La Hija de Martincho

La hija mayor de Martincho era realmente hermosa y toda la población solía estar admirada de sus dotes que la naturaleza le había otorgado. 
Un día, junto con sus amigas, decidió ir al balneario más famoso del poblado. Estando allí, todas se zambulleron al agua y comenzaron a disfrutar acompañado del acostumbrado chismorreo de las chicas.

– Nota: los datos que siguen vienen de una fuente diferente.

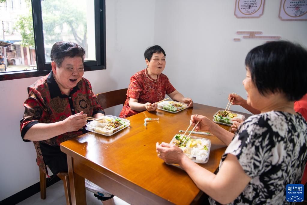 6月20日,老人们在汉寿县龙阳街道城东社区日间照料中心吃午餐。
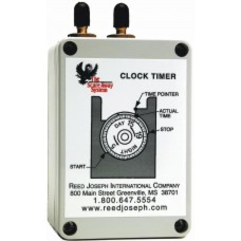 Our battery operated Clock Timer does a superb job of activating and deactivating the M8, M4, AND M3Scare-Away LP Gas Cannon automatically. It operates for an entire season on a single AA battery.Tired of turning your cannon on every morning and turning it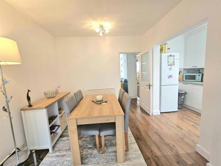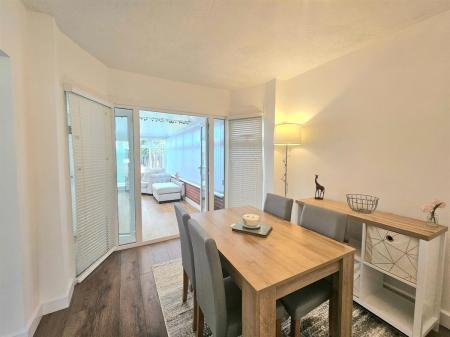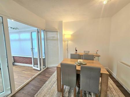 Having laminate wood flooring, radiator and opening into kitchen with doors off to the conservatory extension.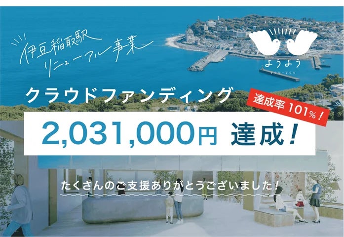 伊豆稲取駅リニューアルプロジェクトとして、観光客も地元住民も一緒に「手を振り合う風景」をつくるためにクラウドファンディングを実施。終了時には、総勢184名の支援者の方々から総額2,031,000円(目標金額の101%)のご支援をいただきました。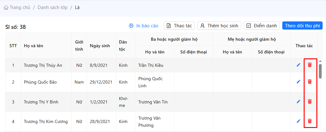 Bước 1: Bấm vào biểu tượng nút xóa(hình thùng rác màu đỏ) tương ứng với học sinh cần xóa.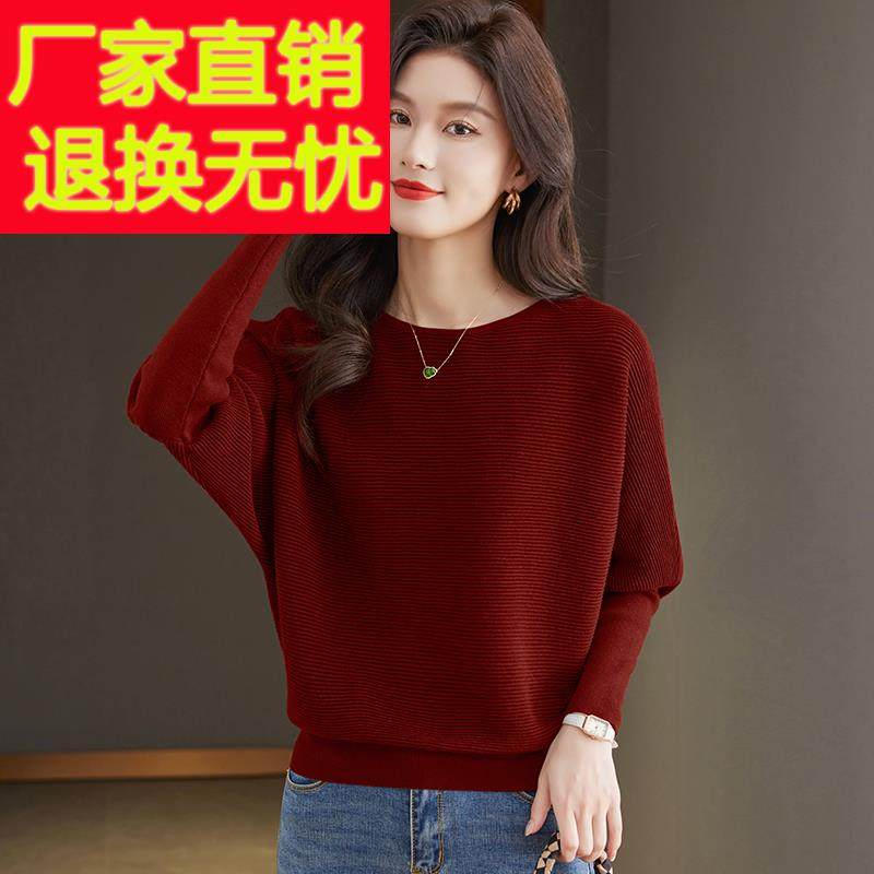 蝙蝠衫毛衣女外穿2024秋冬新款韩版针织衫上衣宽松遮肚子打底衫
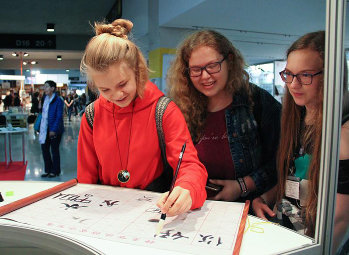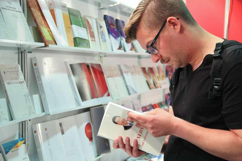 除图书以外,本次书展还展示了中国画、中国结、京剧脸谱、剪纸、屏风、折扇、毛笔、书签等中国特色的展品,让中国优秀图书展展台成为参观读者体会中国文化、拍照留影的“胜地”。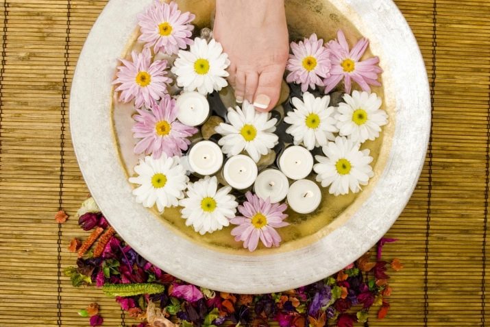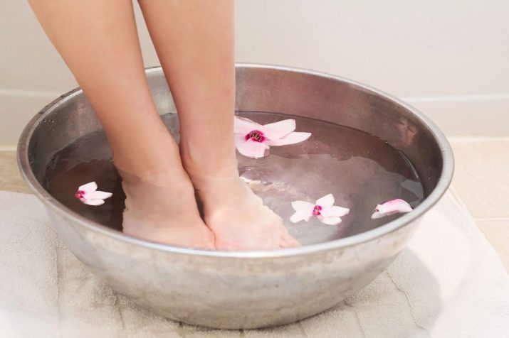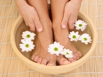 หากเท้าของคุณดีแล้วคุณก็สามารถอาบน้ำที่ผ่อนคลายด้วยดาวเรืองหรือดอกคาโมไมล์ พวกเขามีผลเพิ่มความชุ่มชื้น เครื่องมือนี้เหมาะสำหรับผู้ที่ต้องใส่รองเท้าแคบหรือรองเท้าส้นสูง การรักษาแผลขนาดเล็กและรอยแตกบนส้นเท้าเกิดขึ้นเร็วขึ้นหลังจากผ่านการอาบน้ำเช่นนี้
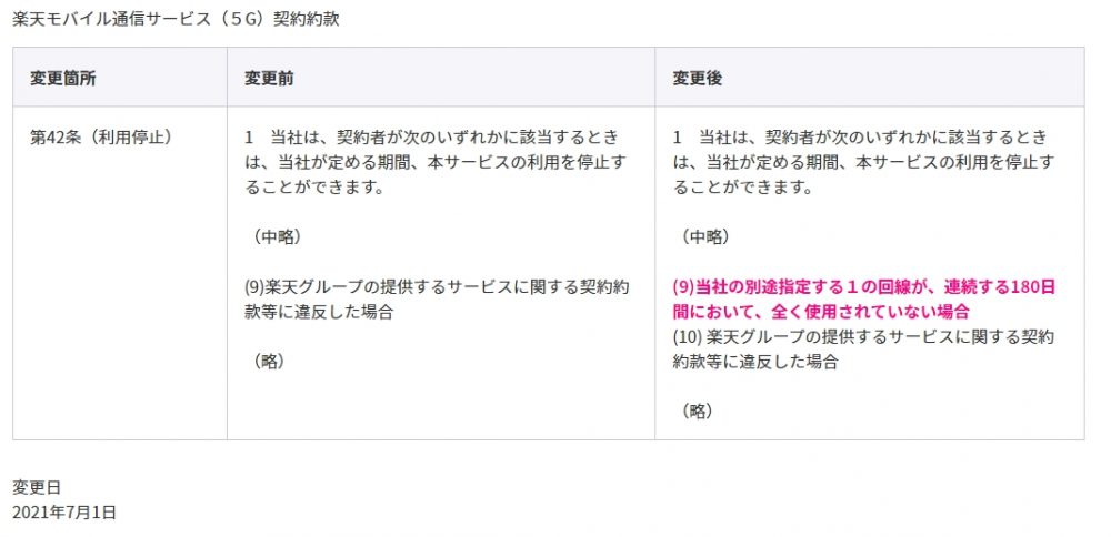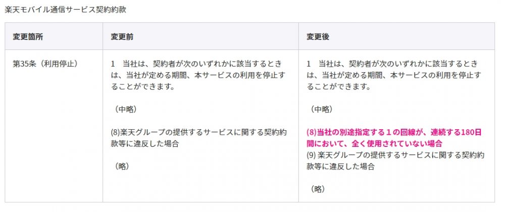 Rakuten UN-LIMIT VIの1回線目において180日間ご利用がなかった場合に、事前に通知した上で当社が利用停止できるよう規約を変更いたします。

Entonces, mientras ellas estaban en el agua, fue a su encuentro uno de sus pretendientes –un joven de la familia más reputada y potentada del pueblo. Ella, conforme el muchacho se le dirigía, salió del agua para encontrarse. Él, que era muy guapo, le acompañó hacia los sillones para que ella se secara. Mientras iban, el muchacho le susurró:
– Supongo que hoy podremos hablar, porque debes estar relajada.
Ella contestó:
– ¿Y de qué quieres hablar? ¿De lo de siempre?
Él siguió:
– Sigues arisca como siempre. Sin embargo, sigo soñando que algún día despertarás junto a mí.
Ella replicó:
– Sueñas mucho, pero tú no eres mi tipo.
Él murmuró:
– ¿Por qué no? Somos de la misma clase social.
Ella objetó:
– Eso no tiene nada que ver. El hombre de mi vida será aquel que cumpla los tres requisitos básicos.
Él preguntó:
– ¿Y cuáles son esos tres requisitos?
La hija de Martincho, dijo:
– Que sea feo, fuerte y formal. Y ¿tú? No cumples con ninguno de los requisitos. Te pareces más a un…
 
No hay fealdad sin la belleza, ni tampoco ésta sin la otra.